Try it -> Exactly as written, return all the data, leaving its pictures behind.

Data provided ->
++++

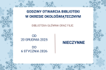 Drodzy Użytkownicy, informujemy, że w dniach 20.12.2025 – 6.01.2026 Biblioteka Główna oraz filie będą nieczynne. Zapraszamy ponownie 7.01.2026 r. Bieżące ogłoszenia i komunikaty dostępne są w zakładce Godziny otwarcia.
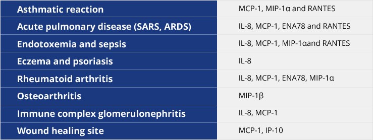 IL-8 is a potent chemokine for neutrophils, growth factor of epidermal cells, and a pro-angiogenic factor. Psoriasis is a common skin disease characterized by scales that are built up with rapid growing keratinocytes accompanied by inflammation and redness around the scales. IL-8 levels elevate up to 150-fold in psoriatic tissue, suggesting its role in the pathogenesis.
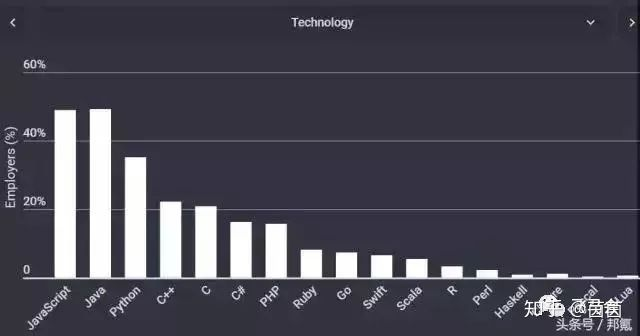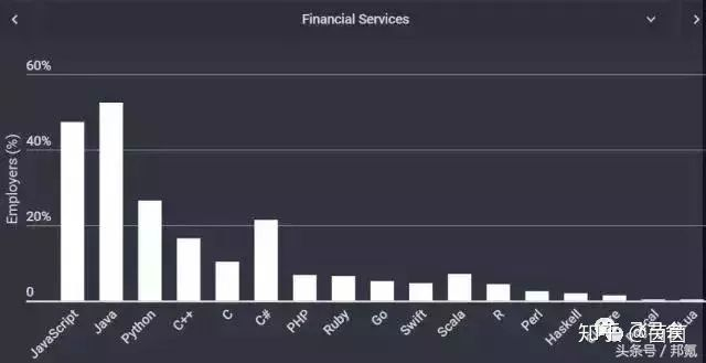 在金融服务行业,排行前三的分别为Java、JavaScript和Python,其中,Java在金融服务领域已经流行了很多年。
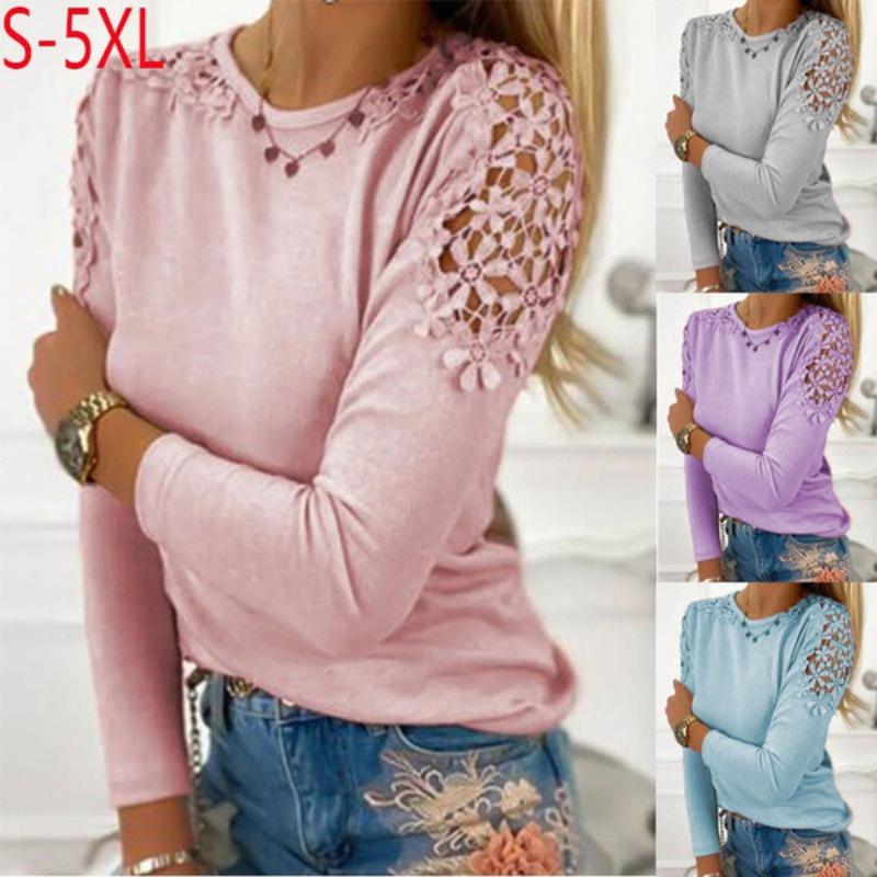 Damesmode Casual Effen Kleur Print Lange Mouwen Ronde Hals Blouses & Overhemden

++++

Worked solution ->
 Drodzy Użytkownicy, informujemy, że w dniach 20.12.2025 – 6.01.2026 Biblioteka Główna oraz filie będą nieczynne. Zapraszamy ponownie 7.01.2026 r. Bieżące ogłoszenia i komunikaty dostępne są w zakładce Godziny otwarcia.
 IL-8 is a potent chemokine for neutrophils, growth factor of epidermal cells, and a pro-angiogenic factor. Psoriasis is a common skin disease characterized by scales that are built up with rapid growing keratinocytes accompanied by inflammation and redness around the scales. IL-8 levels elevate up to 150-fold in psoriatic tissue, suggesting its role in the pathogenesis.
 在金融服务行业,排行前三的分别为Java、JavaScript和Python,其中,Java在金融服务领域已经流行了很多年。
 Damesmode Casual Effen Kleur Print Lange Mouwen Ronde Hals Blouses & Overhemden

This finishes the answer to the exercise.